◆ **Data extracted from a collection**
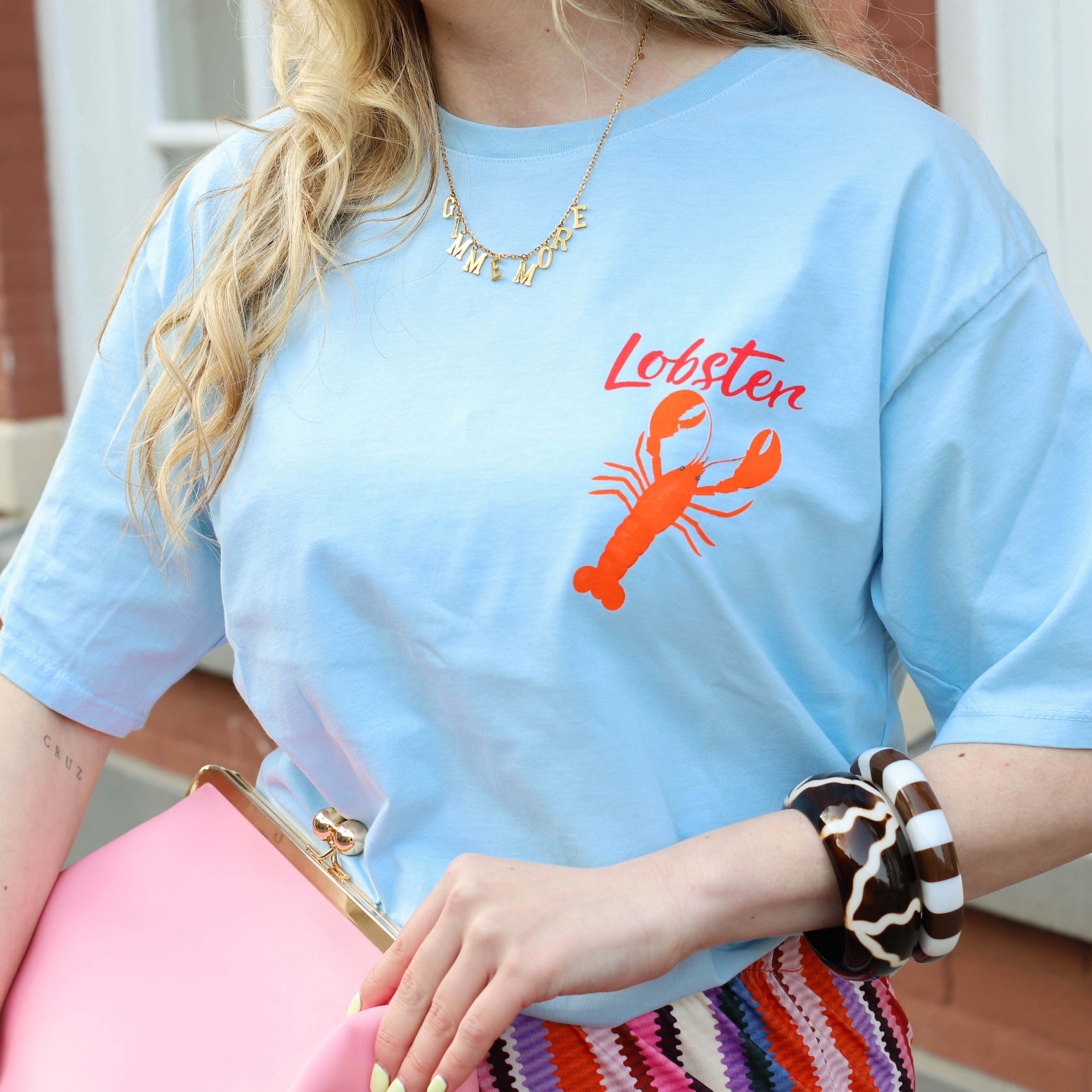 Dit T-shirt is een fris en zomers item met een speelse en minimalistische uitstraling. De zachte blauwe kleur geeft het shirt een lichte en warme look, terwijl de subtiele “Lobster” print met kreeftje op de borst zorgt voor een vrolijk en opvallend detail.
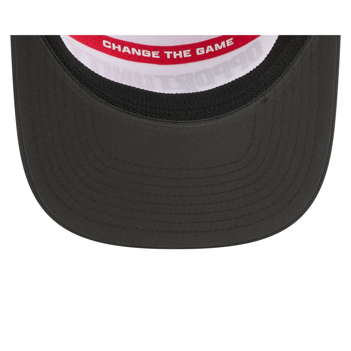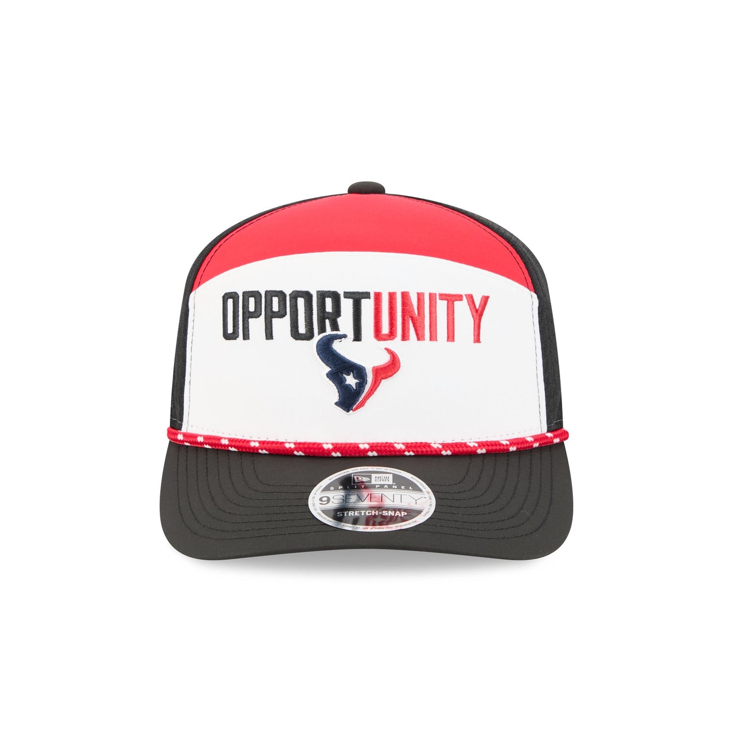 The Houston Texans 2025 Inspire Change Split Panel 9SEVENTY Trucker features an embroidered Texans logo and matching "Opportunity" wordmark at the front panels with an NFL Inspire Change patch at the right-wear side. Additional details include a rope at the visor and an adjustable stretch-snap closure at the rear. The cap has a split crown construction.
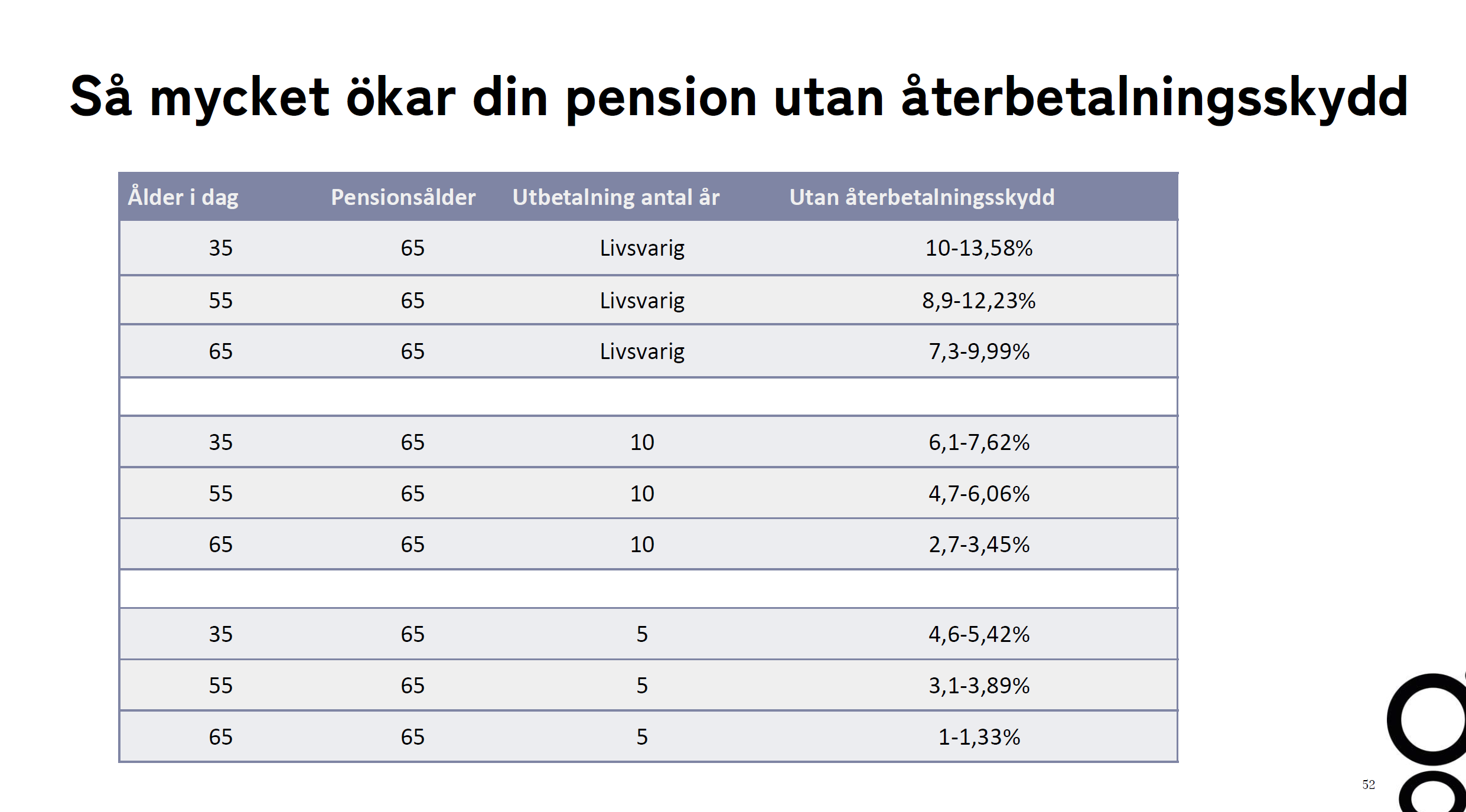 Betala mer = få pengar om någon av oss dör.
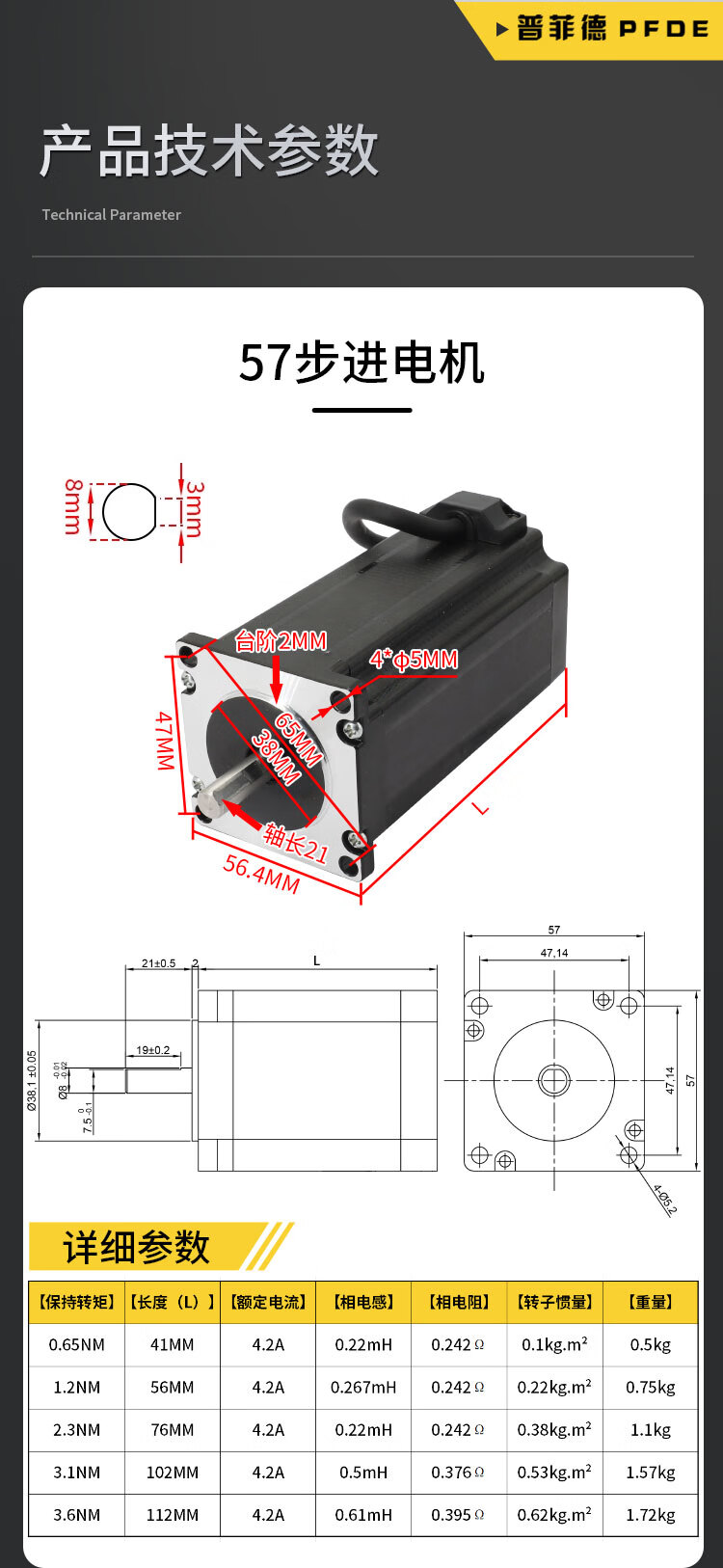 Depp 57/86 stepper motor set driver controller two-phase 4-wire motor motor 3.6N4.5N8.5N1 57 stepper 0.65Nm+TB6600 set
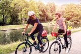 Eine Frau steht mit Fahrradhelm in der Hand an einem Gemüsestand auf einem Markt. Neben ihr steht ein E-Bike.
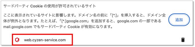 Chrome右上の[︙] > [設定] > [プライバシーとセキュリティ] > [サードパーティ Cookieの使用が許可されているサイト]で「追加」をクリック。
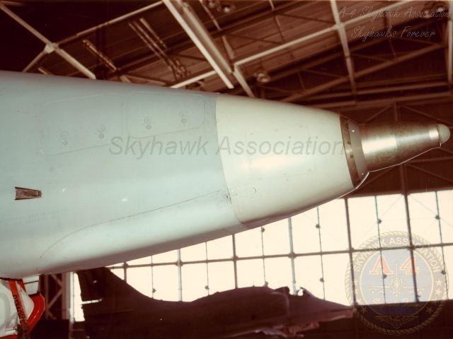 NOV83: left front view of China Lake Skyhawk BuNo 152848 with HARM seeker nose parked on the ramp. Photo by J. Jacobs via Tailhook Association.
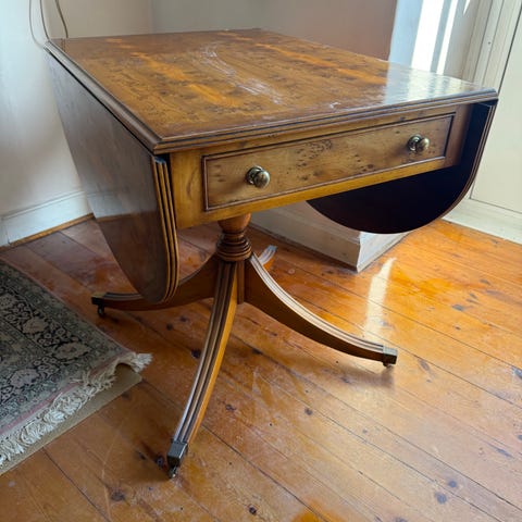 Spisebord i træ med klap og skuffe. Bordet står på fire slanke ben og har en udtræksklap, så bordpladen kan udvides fra en mindre, næsten trekantet form til en rund bordplade. Under bordpladen er der en skuffe med metalgreb. Velegnet som lille spisebord eller sidebord i stue, køkken eller entré.
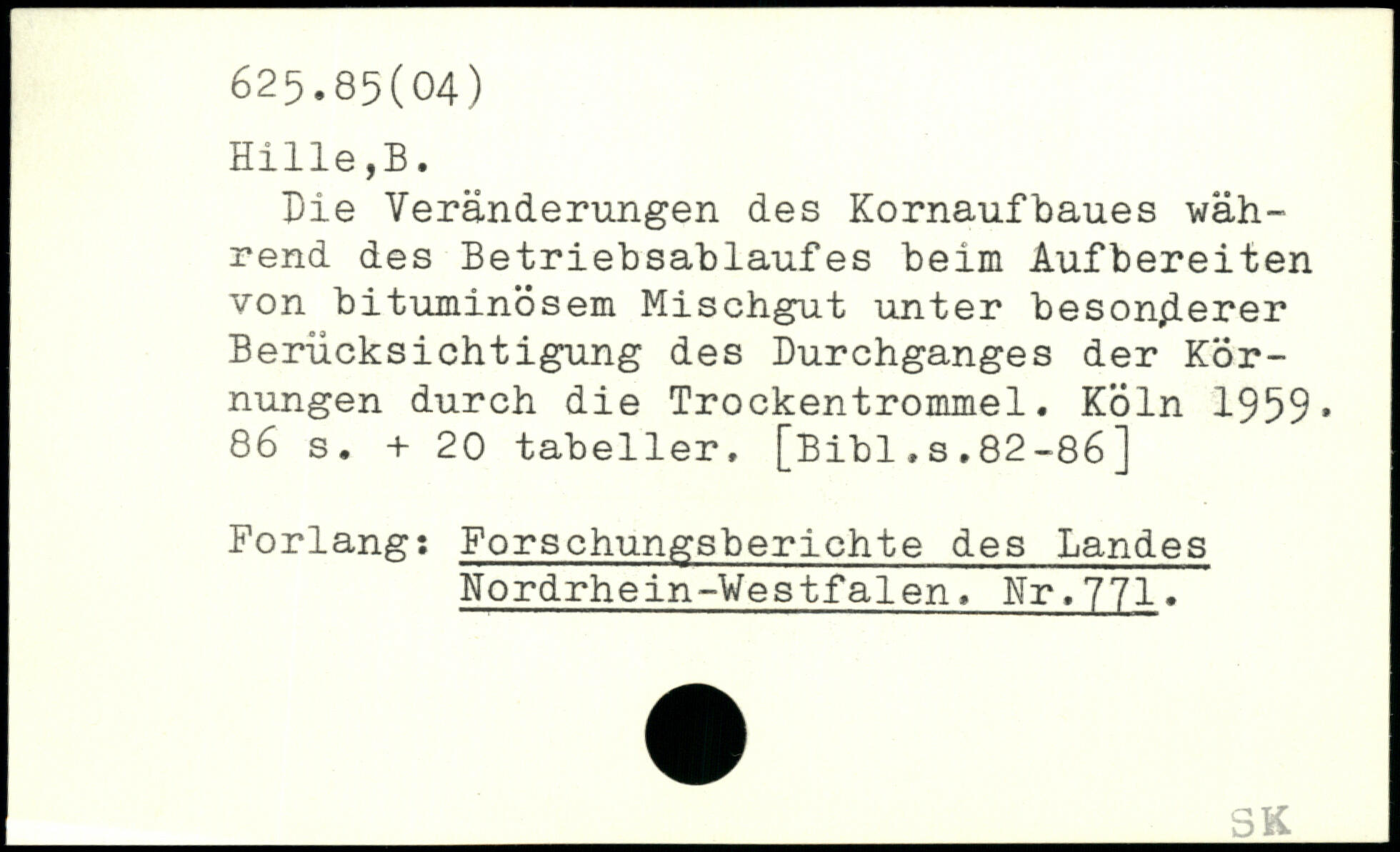 Die Veränderungen des Kornaufbaues während des Betriebsablaufes beim Aufbereiten von bituminösem Mischgut unter besonderer Berücksichtigung des Durchganges der Körnungen durch die Trockentrommel.

◆ **BRIEF**
The answer should contain nothing but the lines from the top of the data above through the line containing "Depp 57/86 stepper", copied exactly, with no images.

◆ **ANSWER BOX**
 Dit T-shirt is een fris en zomers item met een speelse en minimalistische uitstraling. De zachte blauwe kleur geeft het shirt een lichte en warme look, terwijl de subtiele “Lobster” print met kreeftje op de borst zorgt voor een vrolijk en opvallend detail.
 The Houston Texans 2025 Inspire Change Split Panel 9SEVENTY Trucker features an embroidered Texans logo and matching "Opportunity" wordmark at the front panels with an NFL Inspire Change patch at the right-wear side. Additional details include a rope at the visor and an adjustable stretch-snap closure at the rear. The cap has a split crown construction.
 Betala mer = få pengar om någon av oss dör.
 Depp 57/86 stepper motor set driver controller two-phase 4-wire motor motor 3.6N4.5N8.5N1 57 stepper 0.65Nm+TB6600 set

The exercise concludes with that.